His hands curled into fists at his sides. “Who?” he demanded. “Who are you talking about?”

She frowned, eyes going distant for a breath. “I can’t say. In my mind, the pain doesn’t have a shape. It just is.”

As though their words bruised the sky, clouds dragged their shadows across the Moores. The wind shifted, carrying the smell of stale water and molten steel.

The words were out of his mouth before he could stop them.

“Because she was too small to have a shape when she was taken,” he heard himself say.

He hadn’t spoken of it in years. Decades. Not to Resh, not to anyone. Resh may have worn his deepest regret as the Tears of the Resh’Agar, but Zarrek had no pretty earring to mark the most profound loss of his life. The memory had been something he’d locked away with iron and runes and work.
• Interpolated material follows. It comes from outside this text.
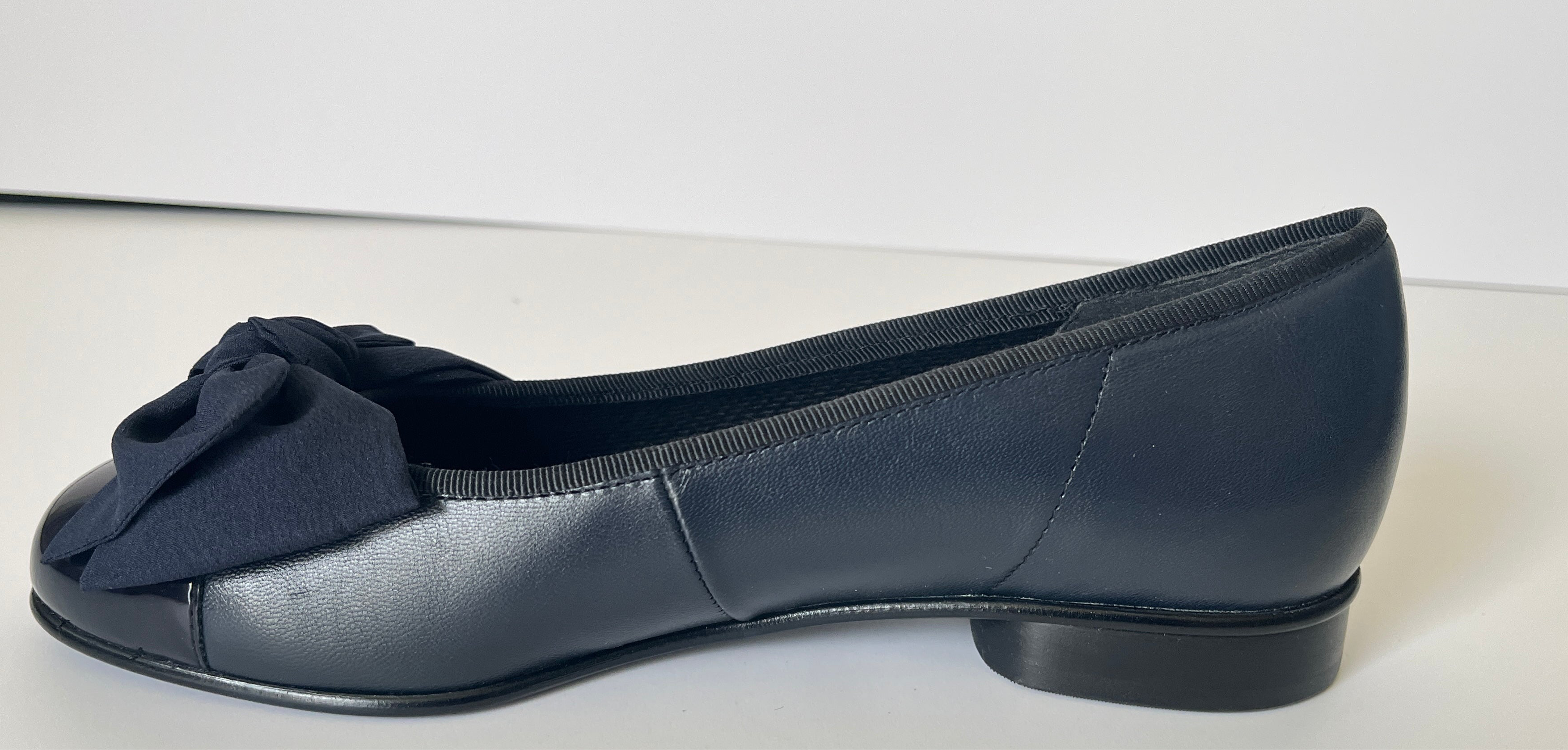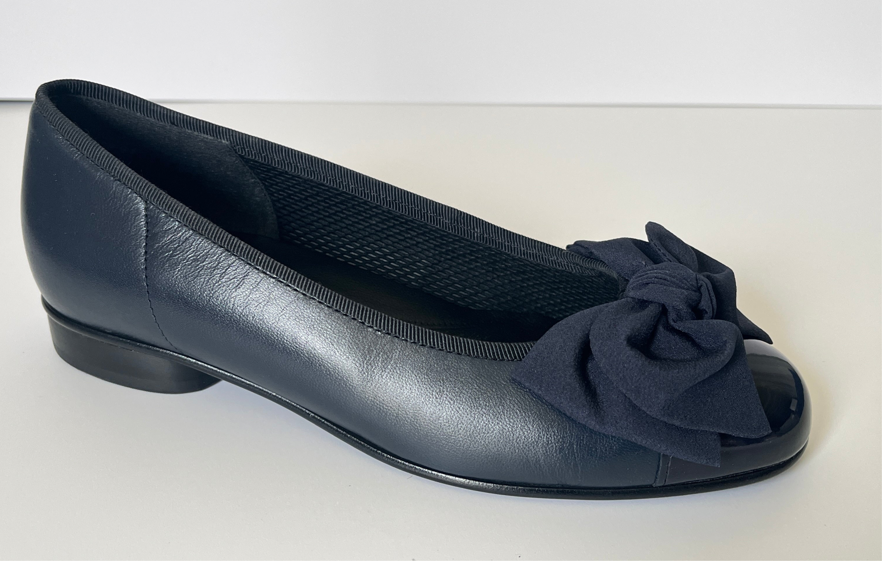 These are a pretty pair of ballet pumps ideal for smart and casual wear. While they are a standard fit we do advise choosing a half size bigger than your normal size for comfort . They are available in highly versatile black or navy leather with fabulous patent toecaps that create a subtle yet stylish contrast. A beautiful bow adorns the toe adding a feminine flare to any outfit. A 2cm  heel adds a lady-like arch to the foot while resin rubber soles provide a practical and hardwearing grip.

Yet here it was, slithering out on a single, unguarded breath in front of a barefoot star-creature who forgot her shoes and healed dying men like it was nothing.

Her gaze softened. Not with pity. He would have hated that. With something quieter. Sadder.

“I’m sorry,” she said.

He couldn’t breathe for a heartbeat.

“For what?” His voice came out harsh. “You didn’t—”

“For the shape you never got to know,” she said. Her eyes were back on his face now, steady, ridiculous, too bright. “For the fire. For the smoke. For the way it still clings to you.”

Her fingers twitched against her knee, as if she wanted to reach out and touch him and thought better of it.

“I am not her,” she repeated. “But I can help you remember that it was not your fault.”

He should have laughed in her face, barked orders, told her to get up, to report to Resh, to stay away from healers’ tents and Rift Wardens and anything that smelled like trouble.

Instead, he said nothing.

The camp roared back into his ears by degrees. Someone shouted about a missing mount. A pot crashed. A horn blew the long, low note for evening changeover. The wind tugged at the edge of his cloak.

“Get off the ground,” he said finally. It was all he could manage. “You’ll catch cold.”

“It’s warm,” she said, glancing at the crate behind her.

“Get up anyway.”

He didn’t offer a hand. He wasn’t ready for that. But he didn’t walk away until she planted her bare feet solidly under her and pushed herself upright, one palm braced against the crate for balance.

She wavered for half a heartbeat then found her center.

Zarrek turned before she could say anything else that slipped past his armor. His teeth still itched. His head pounded. His chest felt too tight.

Disorder, he told himself as he walked away. She was trouble. Dangerous. Unfit. A risk to the Kelvasari, to Krystopolis, to everything he’d spent a lifetime holding together.

He did not admit, even in the quiet of his own skull, that he’d just threatened three menders and their lives for her sake.

Or that when he closed his eyes that night, the firelight behind them no longer burned quite as steadily as it had before.